Exo-S sought to image reflected starlight from nearby substellar and planetary companions identified by surveys including Kepler, TESS, Gaia, and radial-velocity programs conducted with instruments such as HARPS, HIRES, and ESPRESSO. Science goals ranged from characterizing atmospheric spectra and albedos to constraining orbital architectures of systems studied by observatories including ALMA, Arecibo Observatory, and Green Bank Observatory. Targets included nearby stellar types cataloged in datasets like Hipparcos and follow-up lists produced by teams at Harvard–Smithsonian Center for Astrophysics and European Southern Observatory. The mission aimed to contribute to comparative studies involving datasets from James Webb Space Telescope spectroscopic observations and future large-aperture mission concepts advocated in the Astrophysics Decadal Survey.

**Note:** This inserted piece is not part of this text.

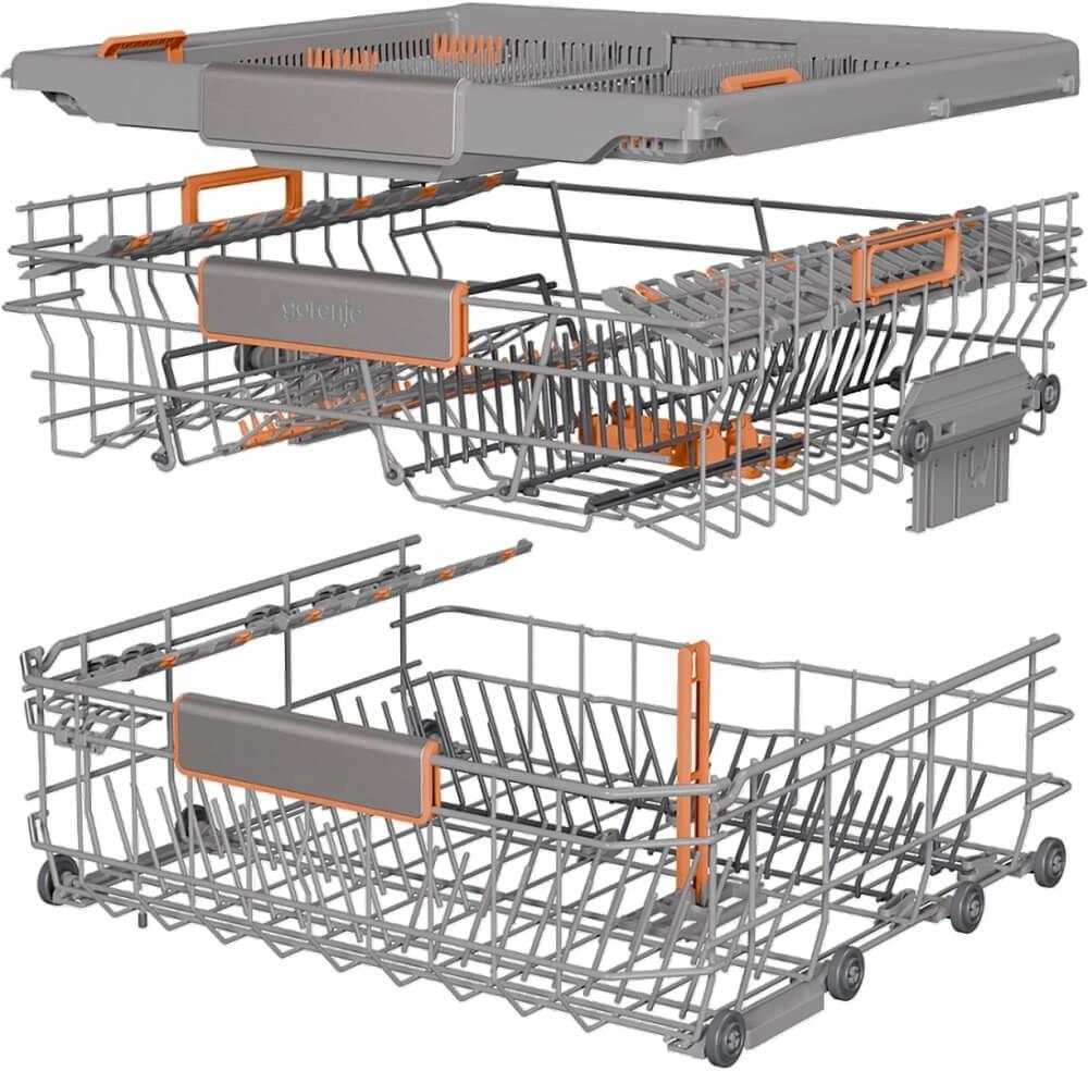 | Внутренняя конструкция | корзина для столовых приборов, освещение, полки для кружек, разбрызгиватель над верхней корзиной, регулируемая по высоте корзина для посуды, складные держатели тарелок |

Development History and Status

The Exo-S concept evolved through community studies and technology assessments led by panels including participants from NASA Ames Research Center, Jet Propulsion Laboratory, Caltech, MIT, and industry partners such as Ball Aerospace and Lockheed Martin. It was evaluated alongside other mission concepts in community prioritization exercises driven by committees within the National Academies and input from international partners including European Space Agency and researchers at Max Planck Institute for Astronomy and Instituto de Astrofísica de Canarias. Technology maturation efforts included laboratory demonstrations supported by NASA Technology Development Programs and review workshops at institutions such as Space Telescope Science Institute and universities like University of California, Berkeley.

Launch and Operations Plan

Baseline planning considered launch vehicles and rideshare options offered by providers including United Launch Alliance, SpaceX, and international launchers like Arianespace variants, with orbit choices informed by precedents set by James Webb Space Telescope (L2 concepts), Hubble Space Telescope (low-Earth orbit operations), and other observatories. Mission operations concepts involved science teams and data centers modeled after operational frameworks at Space Telescope Science Institute, NASA Exoplanet Science Institute, and ground networks coordinated through facilities such as DSN and project offices at NASA Headquarters. Contingency and community access plans were envisioned to follow precedents established by archival policies of Hubble Space Telescope and cooperative programs run by European Space Agency and Canadian Space Agency.